Szefowa Kancelarii Premiera Beata Kempa kilka tygodni temu skompromitowała się projektem ustawy odblokowującej zamrożone przez rząd PO i PSL pensje członków rządu, senatorów, posłów, prezydenta i jego żony. W myśl projektu, Agata Duda miałaby otrzymywać 13 tysięcy złotych miesięcznie, a pensja jej męża wzrosłaby do 25 tysięcy. Premier zarabiałby zaledwie tysiąc złotych mniej, a podwyżki dla reszty członków rządu i parlamentarzystów miały sięgać 7 tysięcy złotych. Ministrowie mieliby zarabiać po 18 tysięcy złotych.
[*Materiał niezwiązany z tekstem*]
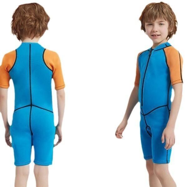 ウェットスーツ キッズ ベビー 子供用 男女兼用 2mm 厚手 ネオプレン ナイロン素材 防寒 保温 半袖 ショートパンツ スイムウェア マリンスポーツ 水遊び オレンジレッド

Ustawa miała być przegłosowana po cichu, późnym wieczorem, bez informowania mediów ani opozycji. Na szczęście gazetom udało się w porę zaalarmować opinię publiczną. Po skandalu jaki wywołała, Kempa przygotowała kolejny projekt, tym razem ograniczający podwyżki do członków rządu, jednak on także trafił do kosza.
Mimo to, jak ujawnił właśnie Fakt, szefowa Kancelarii Premiera nie odpuściła. Rozporządzeniem premiera, przygotowanym pod jej nadzorem, podwyżki dostaną asystenci, których pensja wzrośnie do 6560 złotych oraz sekretarze szczycący się wykształceniem średnim, którzy odtąd będą zarabiać 5060 złotych miesięcznie. Rozporządzenie wchodzi w życie za dwa dni.
Ciekawe jest zapewnienie w uzasadnieniu do rozporządzenia o podwyżkach: "Wzrost wynagrodzeń nie spowoduje dodatkowych skutków finansowych dla budżetu państwa" - pisze Fakt. Bo kancelaria premiera podwyżki wypłaci ze "swoich". Nie wspomina tylko, że "swoje" to tak naprawdę "nasze".
Dziennikarzom tabloidu nie udało się porozmawiać z Beatą Kempą. Przebywa aktualnie na zagranicznych wakacjach.